## Your task
The required output is all lines below that contain the word "para".

## Source information
◆ ◆ ◆ ◆

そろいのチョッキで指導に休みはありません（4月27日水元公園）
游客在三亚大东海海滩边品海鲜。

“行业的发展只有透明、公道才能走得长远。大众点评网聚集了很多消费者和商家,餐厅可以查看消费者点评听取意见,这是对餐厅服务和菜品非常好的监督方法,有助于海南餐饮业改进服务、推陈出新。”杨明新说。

◆ ◆ ◆ ◆

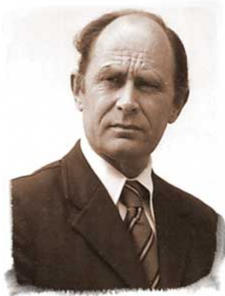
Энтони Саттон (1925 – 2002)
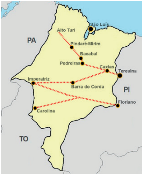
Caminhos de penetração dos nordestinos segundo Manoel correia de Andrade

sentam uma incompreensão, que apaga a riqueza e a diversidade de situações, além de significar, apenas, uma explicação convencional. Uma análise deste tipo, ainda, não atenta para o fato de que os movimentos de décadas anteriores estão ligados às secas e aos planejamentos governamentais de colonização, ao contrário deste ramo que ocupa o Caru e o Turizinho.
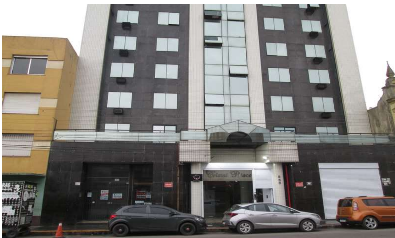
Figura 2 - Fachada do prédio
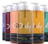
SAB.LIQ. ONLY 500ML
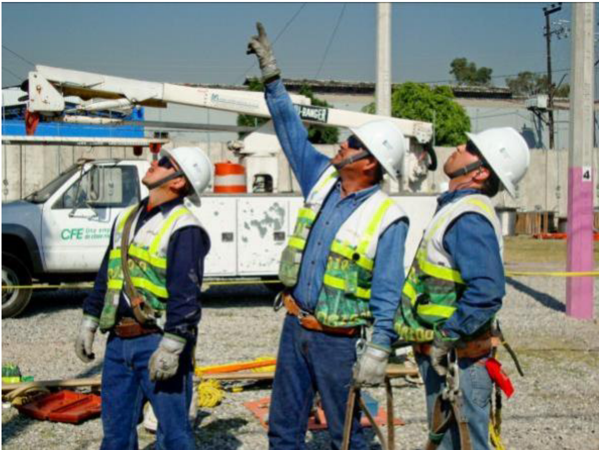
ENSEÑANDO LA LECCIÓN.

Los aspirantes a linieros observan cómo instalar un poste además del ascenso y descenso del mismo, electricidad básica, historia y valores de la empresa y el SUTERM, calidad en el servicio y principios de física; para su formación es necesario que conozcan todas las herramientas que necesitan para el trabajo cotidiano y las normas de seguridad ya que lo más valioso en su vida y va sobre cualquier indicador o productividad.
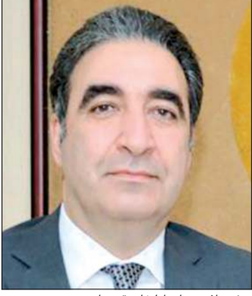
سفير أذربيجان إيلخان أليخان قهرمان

◆ ◆ ◆ ◆

## Exercise solution
sentam uma incompreensão, que apaga a riqueza e a diversidade de situações, além de significar, apenas, uma explicação convencional. Uma análise deste tipo, ainda, não atenta para o fato de que os movimentos de décadas anteriores estão ligados às secas e aos planejamentos governamentais de colonização, ao contrário deste ramo que ocupa o Caru e o Turizinho.
Los aspirantes a linieros observan cómo instalar un poste además del ascenso y descenso del mismo, electricidad básica, historia y valores de la empresa y el SUTERM, calidad en el servicio y principios de física; para su formación es necesario que conozcan todas las herramientas que necesitan para el trabajo cotidiano y las normas de seguridad ya que lo más valioso en su vida y va sobre cualquier indicador o productividad.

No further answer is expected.